La apertura o consolidación de otros mercados exige adaptar la oferta. Países con diferentes hábitos de consumo, estándares de molienda o exigencias industriales pueden requerir trigos con características distintas. Allí aparece nuevamente la importancia de segmentar.
En los últimos ciclos, el trigo argentino también ganó visibilidad por su mayor disponibilidad exportable y por el interés de mercados globales. Esa oportunidad debe gestionarse con una mirada más amplia que la simple colocación del excedente.
El precio no puede ser la única ventaja
Competir solo por precio puede abrir puertas en el corto plazo, pero no garantiza una posición sólida. Si el trigo argentino se vende principalmente como el más barato, el país queda expuesto a márgenes ajustados y a la presión de competidores que pueden desplazarlo cuando cambian los valores internacionales.
El artículo original remarca la advertencia de Pierbattisti sobre la necesidad de aumentar exportaciones, pero no bajo cualquier esquema. El objetivo no sería vender más de manera automática, sino vender mejor, con una política que reconozca la diversidad de mercados y el valor de la calidad.

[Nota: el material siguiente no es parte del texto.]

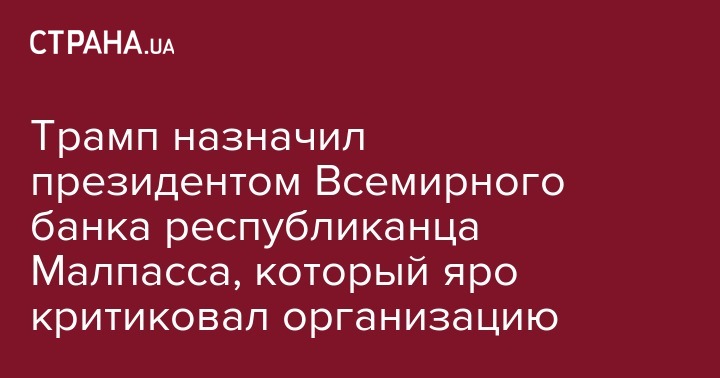 Президент САШ Дональд Трамп назначил на должность президента Всемирного банка члена республиканской партии США и замминистра финансов по иностранным делам Дэвида Малпасса, который критиковал организацию за негибкость и навязчивость. Об этом сообщает BBC.
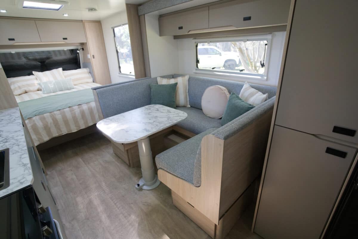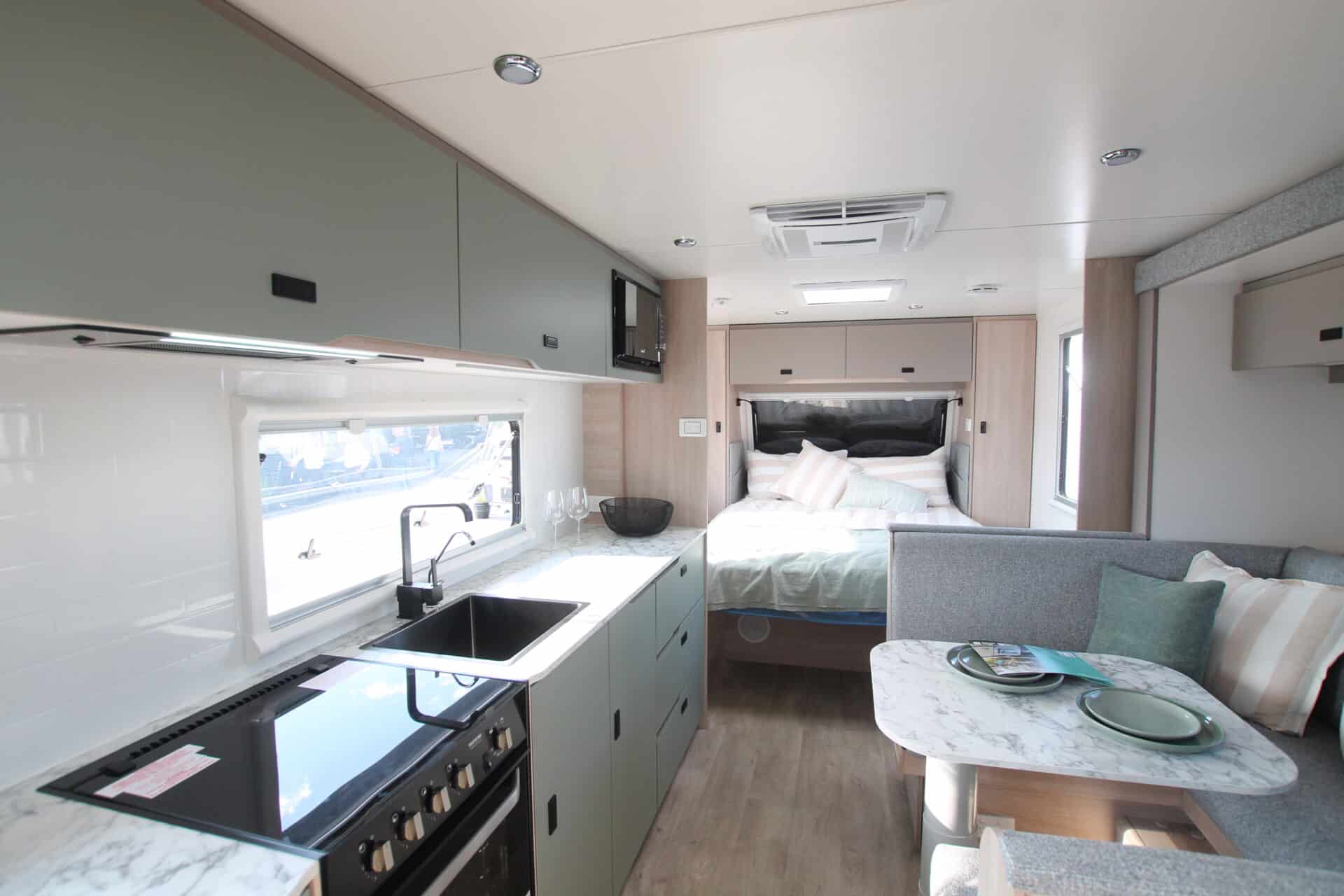 Prices for the Discovery 21.66 OB start from $92,990 with key inclusions like the electric awning, 224L upside-down fridge, air-con and a slide-out club lounge boosting living space in the dining area and the kitchen.
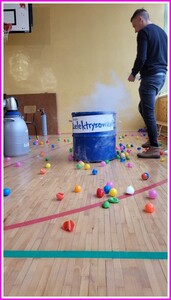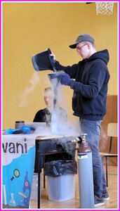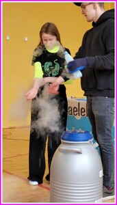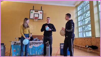 Celem pokazu było przybliżenie tajników fizyki i chemii w sposób atrakcyjny i zrozumiały zarówno dla tych najmłodszych jak i najstarszych uczniów szkoły. W programie znalazły się zabawy z gazami (ciekły azot, hel), ale również ciekawe zjawiska z fizyki (ciśnienie w próżni). Eksperymenty przysporzyły uczniom wiele radości, zwłaszcza ten w którym sprawdzane były właściwości helu przy użyciu balonika oraz te, które wywołały donośne efekty dźwiękowe. Różne rekwizyty i substancje sprawiły, że czuliśmy się jak w prawdziwym laboratorium.
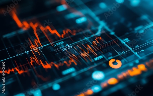 Illustration of a government budget influenced by economic policy, represented by digital charts and spending categories
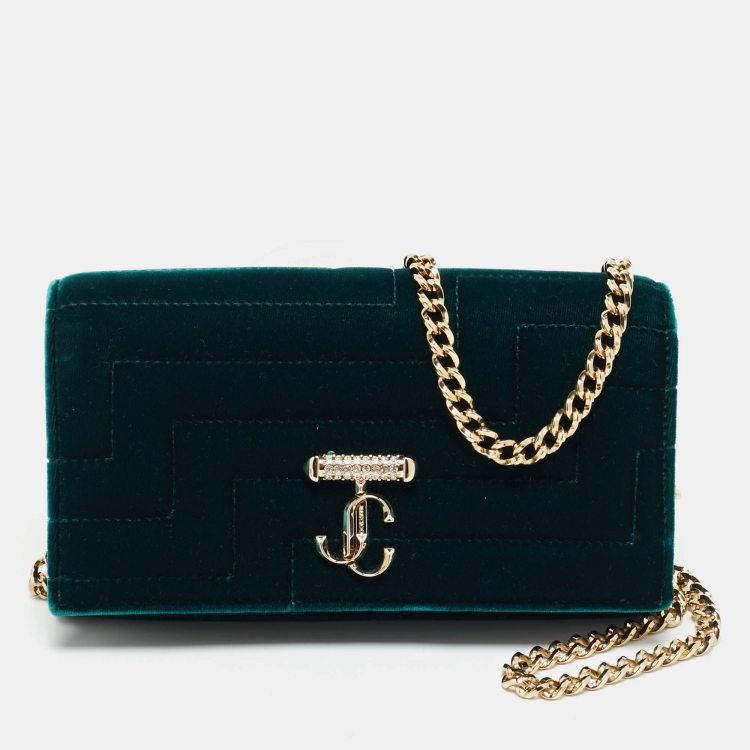 مملوكة مسبقًا محفظة جيمي تشو أفينيو فيلفت مبطن أخضر داكن على سلسلة

Esa mirada se vuelve más importante en un contexto donde la oferta de trigo argentino puede seguir teniendo atractivo internacional, pero enfrenta decisiones comerciales cada vez más complejas. La oportunidad existe, aunque requiere organización.

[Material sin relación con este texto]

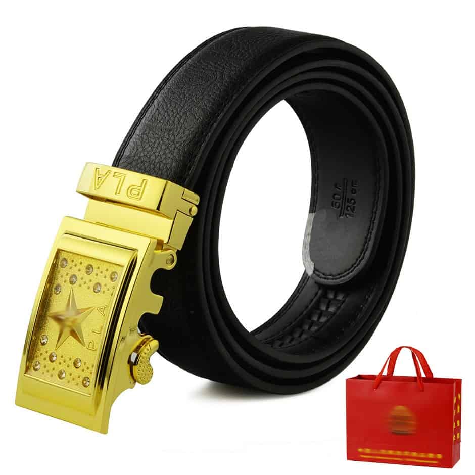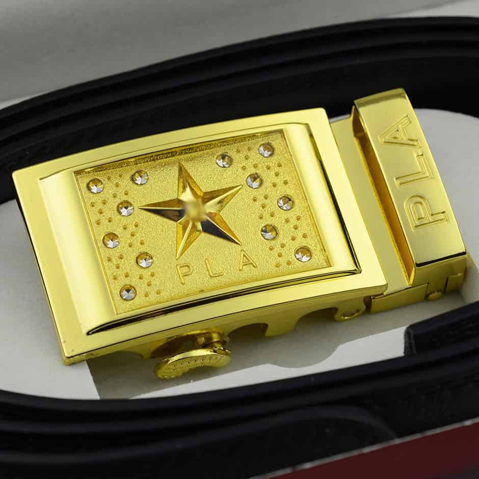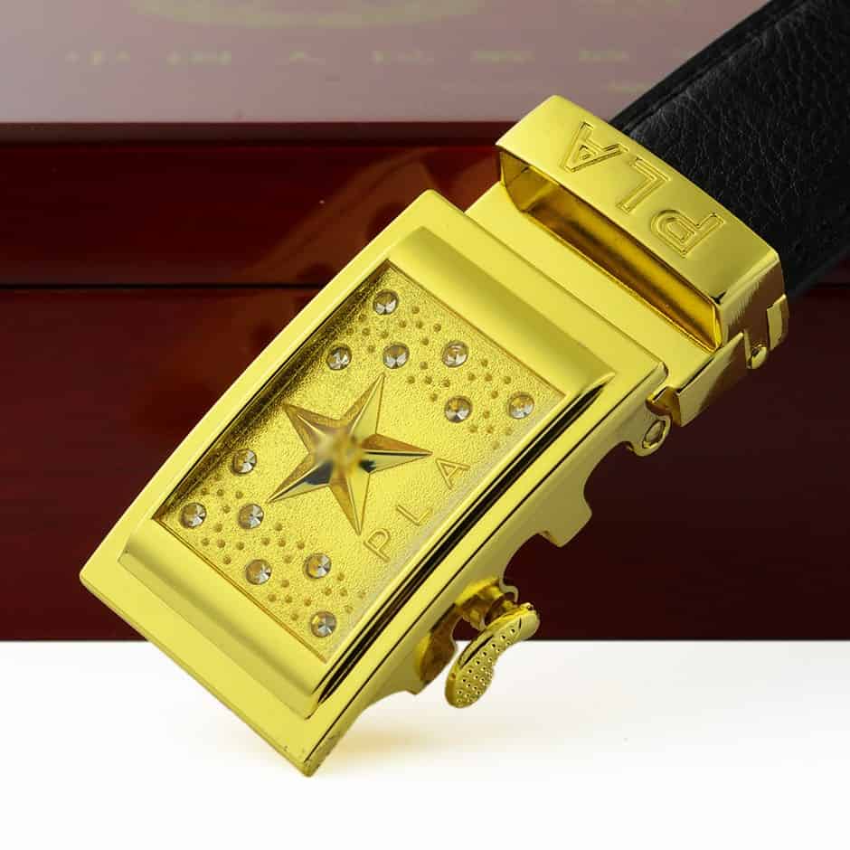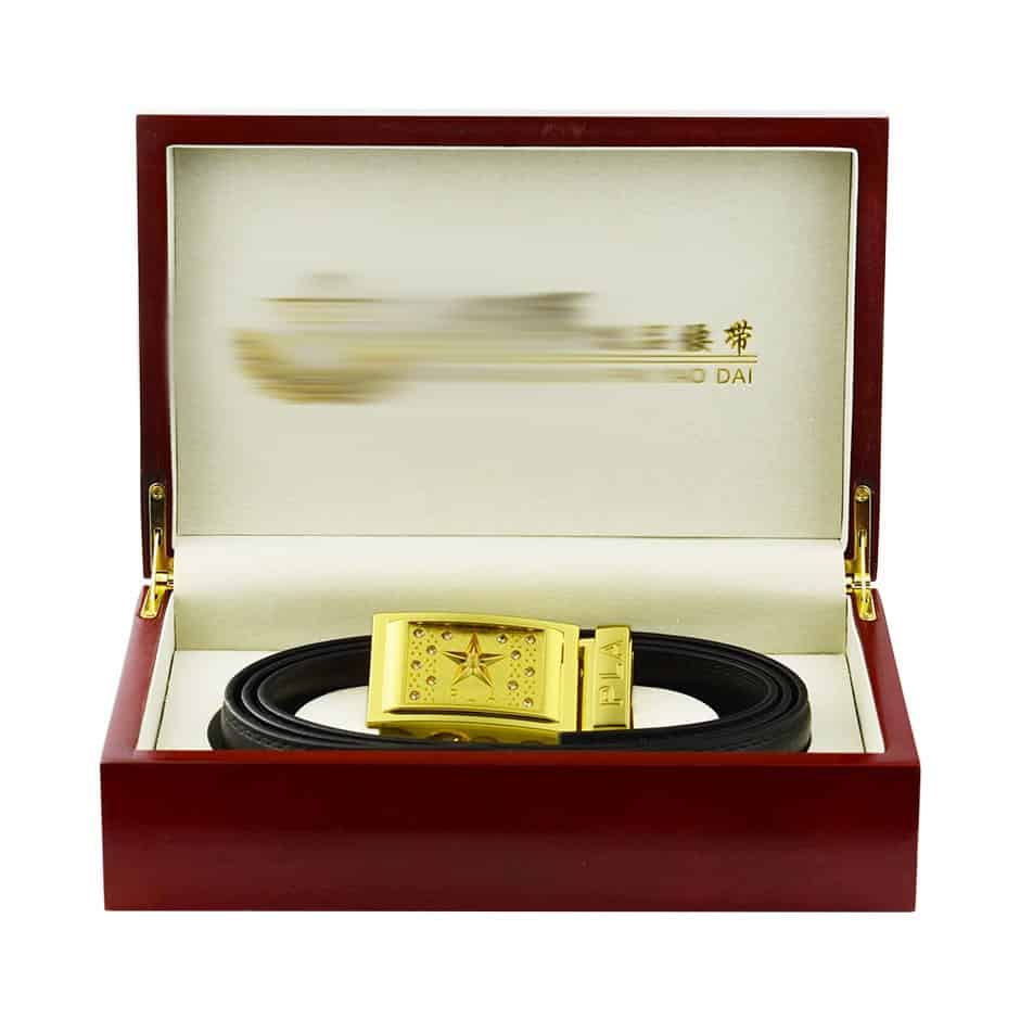 三星金头腰带,自动头功勋腰带,镀玫瑰金24K腰带礼盒

Productores y exportadores ante una decisión estructural
Para los productores, el cambio de estrategia puede traducirse en señales más claras sobre qué trigo conviene sembrar y cómo manejarlo. La calidad final depende de variedades, fertilización, sanidad, clima y cosecha, pero también de que el sistema reconozca económicamente esos atributos.
Para los exportadores, el desafío pasa por construir relaciones comerciales más específicas y sostener una oferta diferenciada. Esto requiere información, contratos, clasificación y una logística que permita preservar la identidad del producto desde el campo hasta el embarque.
El planteo de Pierbattisti funciona como una advertencia de fondo: Argentina tiene condiciones para seguir siendo un actor relevante, pero no puede confiar únicamente en la abundancia. La competitividad del trigo dependerá cada vez más de la capacidad de anticiparse a la demanda y no de vender lo que queda después.
La campaña 2026/27 llega con presión económica
La discusión estratégica ocurre mientras la próxima campaña triguera enfrenta costos elevados y márgenes ajustados. El aumento de fertilizantes, las decisiones de siembra y la necesidad de sostener calidad obligan a los productores a calcular con precisión cada inversión.
Ese contexto refuerza la importancia de una política comercial más inteligente. Si producir trigo de calidad exige más inversión, el mercado debe ofrecer señales que justifiquen ese esfuerzo. De lo contrario, el sistema tiende a volver al volumen indiferenciado y a la competencia por precio.
La siembra de trigo 2026/27 aparece así como una prueba para el sector. Hay condiciones productivas que pueden acompañar, pero el futuro comercial del cereal dependerá de decisiones que van más allá del clima y del rendimiento.